People of all types, all over the world enjoy a good cup of coffee, but maybe none so much as highly creative people. The free-thinkers, creators, and innovators among us become accustomed to (and perhaps dependent on) the enticing aroma and flavor of freshly brewed coffee more easily than most. It’s fuel for the day. It provides the kickstart needed to get going.
But why do creative types like to drink coffee so much? What makes the drink so irresistible to the easily bored?
Messy minds drink coffee
Creative minds are messy minds, according to Scientific American’s Scott Kaufman. Although creative people do really well with coming up with ideas, putting a project together, and bringing in results, the path to getting there is a messy one.
Scientists think the stimulation coffee (caffeine) offers is part of the reason creative people so enthusiastically drink it. The jolt that caffeine provides gives the drinker short-term elevated motivation and drive. Their initiative suddenly leaps through the roof, and they’re able to generate a lot of ideas, plans, or complete routine tasks that normally bore them.
Creative people seem to drink coffee to make themselves more productive.
Coffee and the creative process
That’s because coffee has been shown to lift the 3 most common barriers to the creative process: Lack of initiative, lack of commitment, and self-doubt. And as the Atlantic outlined in their story on caffeine, the substance seems to help diminish all three barriers, in a way, opening the “creative floodgates.”
With benefits like a loss of inhibitions, an improved ability to focus, temporary stimulation, and a rise in productivity, creative people stand to benefit from drinking coffee by staying on track during the creative process and ultimately, getting more done.
Other stimulants
Other options for creative people who don’t drink coffee and are hyperactive or unable to focus are not as benign. Many people complain that pharmaceutical stimulants like Adderall make them feel too focused–hyper-focused on tiny, minute details, objects, or decisions that normally wouldn’t demand so much thought, like what clothes to wear or where you should eat dinner.
Unlike drinking coffee, taking prescription stimulants goes beyond providing a temporary boost and turns users into worker bees, not innovative creatives. But why is the effect different?
The moments of inspiration that hit creative people are often serendipitous. An idea might occur in the shower, while watching TV, falling asleep–anywhere your mind isn’t 100% at attention and focusing. The overstimulated mind, then, just isn’t able to wander and therefore isn’t conducive to the creative process. The brain has to be stimulated just the right amount to boost productivity.
Productivity and caffeine
But does that make creatives who drink coffee more likely to deliver sloppy work done quickly or while stimulated? No, it does the opposite–unless they’re drinking too much coffee, that is.

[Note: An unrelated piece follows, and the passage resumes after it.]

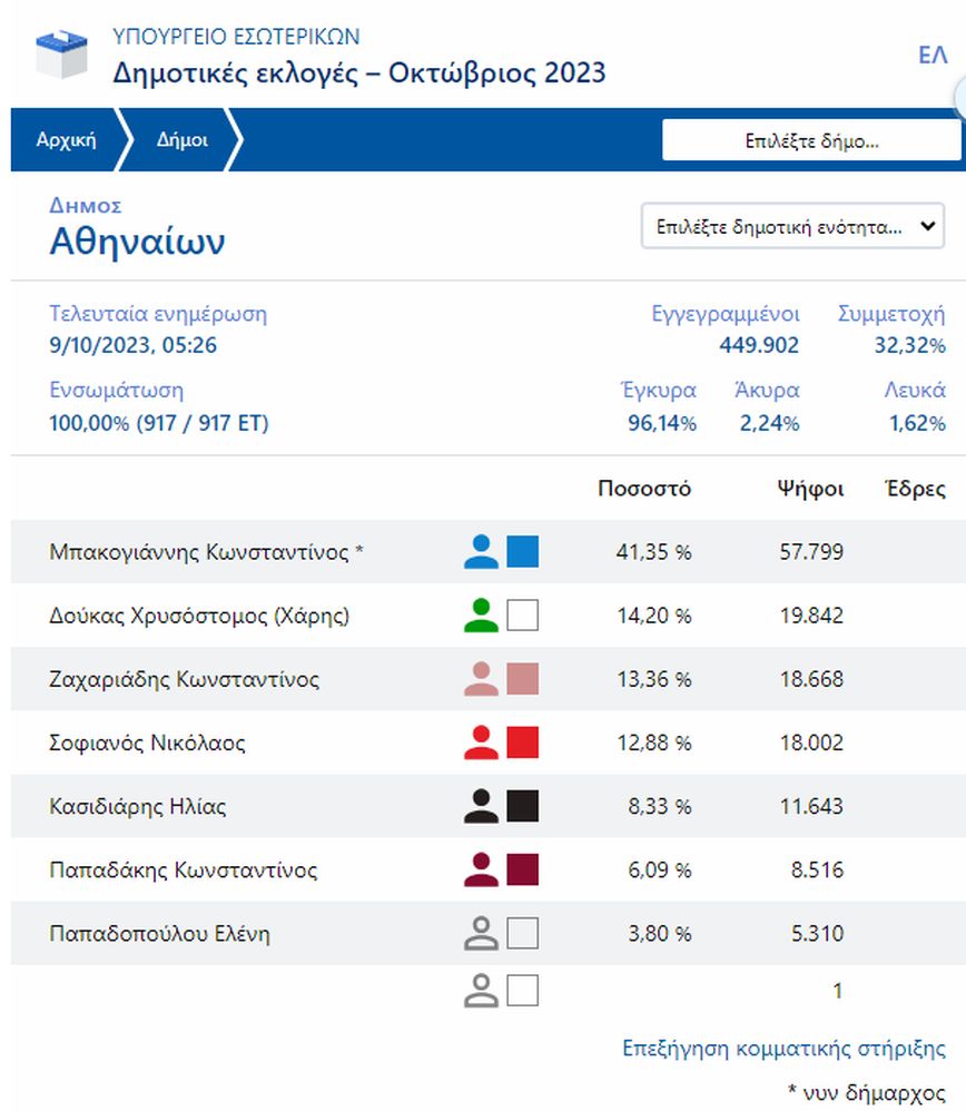 Με την ενσωμάτωση στο 100% στον δήμο Αθηναίων, ο νυν δήμαρχος Κώστας Μπακογιάννης συγκεντρώνει ποσοστό 41,35%, ενώ ο Χάρης Δούκας ακολουθεί δεύτερος με 14,20%.

Drinking moderate amounts of caffeine is correlated with rises in productivity and quality of work. Over-caffeination, on the other hand, can cause problems like cardiac issues, erratic behavior, hyper-vigilance, and insomnia–and those always spell trouble for productivity at work.
Most people can drink coffee each day and feel no negative side effects. Moderation is key for all coffee drinkers, and it’s important to remember that caffeine is a drug, able to impair our functioning. Caffeine intoxication and caffeine withdrawal are listed in the DSM as “psychiatric disorders” if they get in the way of your everyday life.
Woody Allen once said “80 percent of success is showing up.” If drinking coffee in moderation helps you show up, be creative, get work done, and feel good about it, then we say brew on.